The task: Please output the entries that follow exactly, without a single image.

Information given:
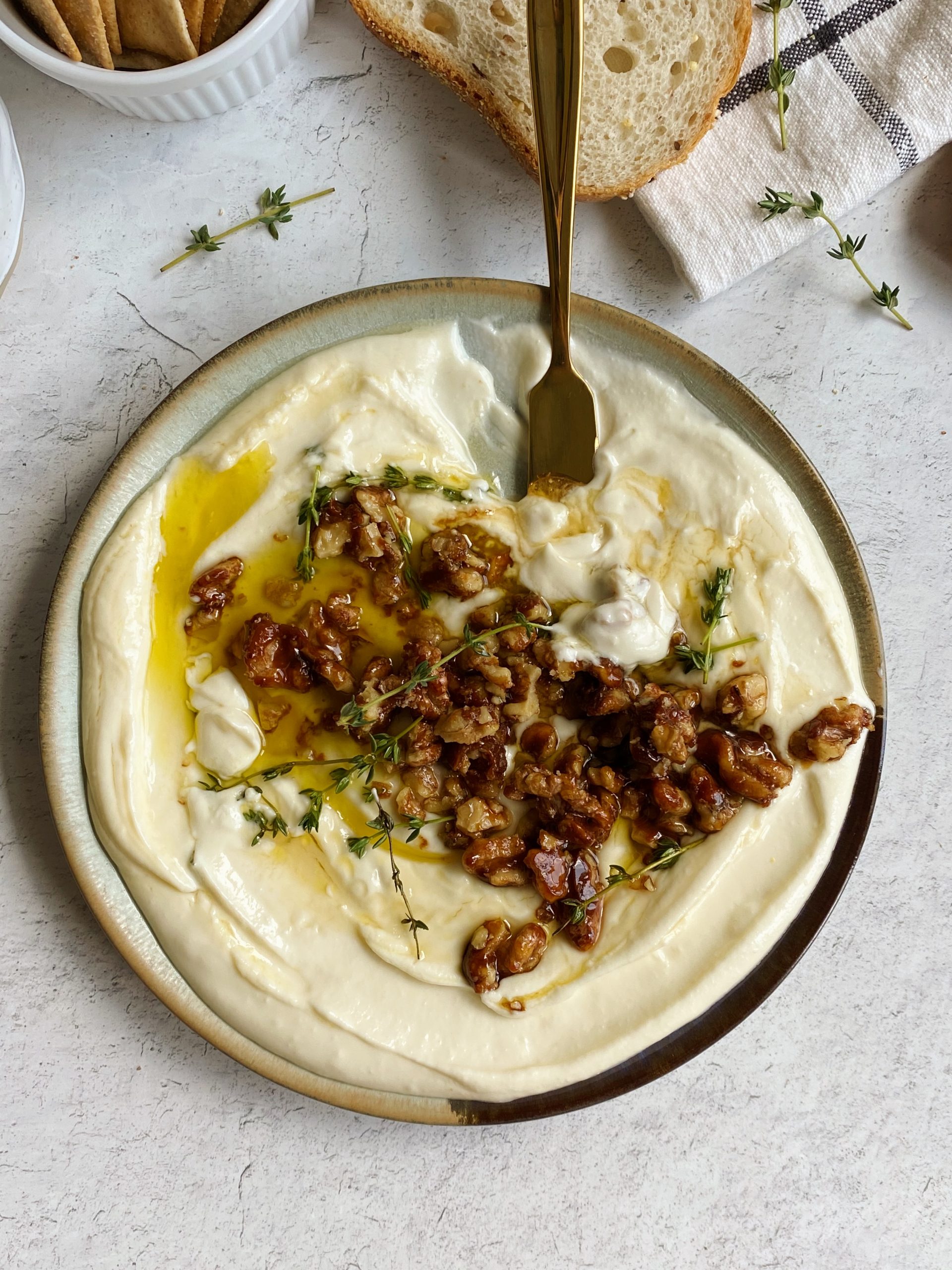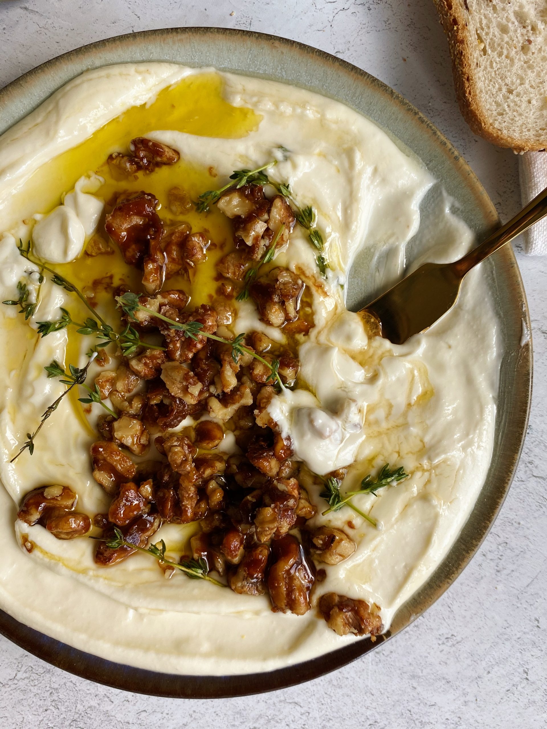 - Once the dip is smooth and creamy, spoon it into a shallow plate or bowl. Pour the honey walnuts over the center, then top it with a drizzle of honey, olive oil and some thyme.
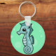 Um chaveiro com uma ilustração digital adorável de um pequeno cavalo azul de desenho animado em uma bolha verde-marinha coberta de fundo.
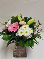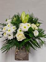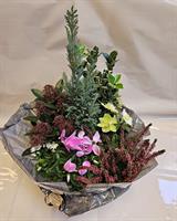Photo non contractuelle | COMPOSTION FLORALE URANUS Composition de plantes vertes et fleuries, l'assemblage varie en fonction des saisons et de la disponibilité en magasin.
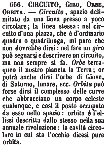 | Circuito, Giro, Orbe, Orbita - Circuito, spazio delimitato da una linea presso a poco circolare; la linea stessa: nel circuito d'una piazza, che è d'ordinario quadra o quadrilunga, mi pare che non dovrebbe dirsi: nel fare un giro può segnarsi e descrivere un circuito, ma non sempre si fa. Orbe terraqueo il nostro pianeta la Terra; or potrà anche dirsi l'orbe di Giove, di Saturno, lunare, ecc. Orbita può forse dirsi il complesso delle curve che abbracciano un corpo celeste qualunque, e così il posto occupato da esso nello spazio: orbita è l'ellissi descritta dallo stesso nella sua annuale rivoluzione: la cavità circolare in cui sta l'occhio dicesi pure orbita. [immagine] |
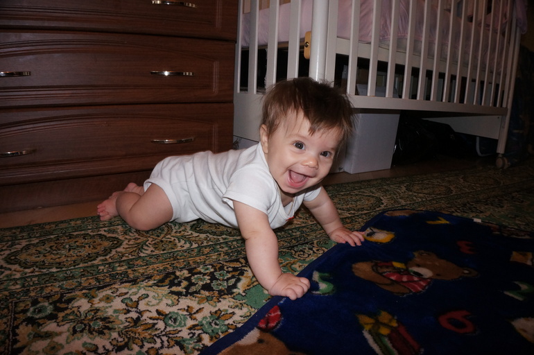 Встал на четвереньки, в позу "попа всему голова" и вообще такие лягушачьи прыжки стал выделывать вперед, а назад на пузе "пропахал" все свободное место на полу в комнате:

Answer to the exercise:
 - Once the dip is smooth and creamy, spoon it into a shallow plate or bowl. Pour the honey walnuts over the center, then top it with a drizzle of honey, olive oil and some thyme.
 Um chaveiro com uma ilustração digital adorável de um pequeno cavalo azul de desenho animado em uma bolha verde-marinha coberta de fundo.
Photo non contractuelle | COMPOSTION FLORALE URANUS Composition de plantes vertes et fleuries, l'assemblage varie en fonction des saisons et de la disponibilité en magasin.
 | Circuito, Giro, Orbe, Orbita - Circuito, spazio delimitato da una linea presso a poco circolare; la linea stessa: nel circuito d'una piazza, che è d'ordinario quadra o quadrilunga, mi pare che non dovrebbe dirsi: nel fare un giro può segnarsi e descrivere un circuito, ma non sempre si fa. Orbe terraqueo il nostro pianeta la Terra; or potrà anche dirsi l'orbe di Giove, di Saturno, lunare, ecc. Orbita può forse dirsi il complesso delle curve che abbracciano un corpo celeste qualunque, e così il posto occupato da esso nello spazio: orbita è l'ellissi descritta dallo stesso nella sua annuale rivoluzione: la cavità circolare in cui sta l'occhio dicesi pure orbita. [immagine] |
 Встал на четвереньки, в позу "попа всему голова" и вообще такие лягушачьи прыжки стал выделывать вперед, а назад на пузе "пропахал" все свободное место на полу в комнате:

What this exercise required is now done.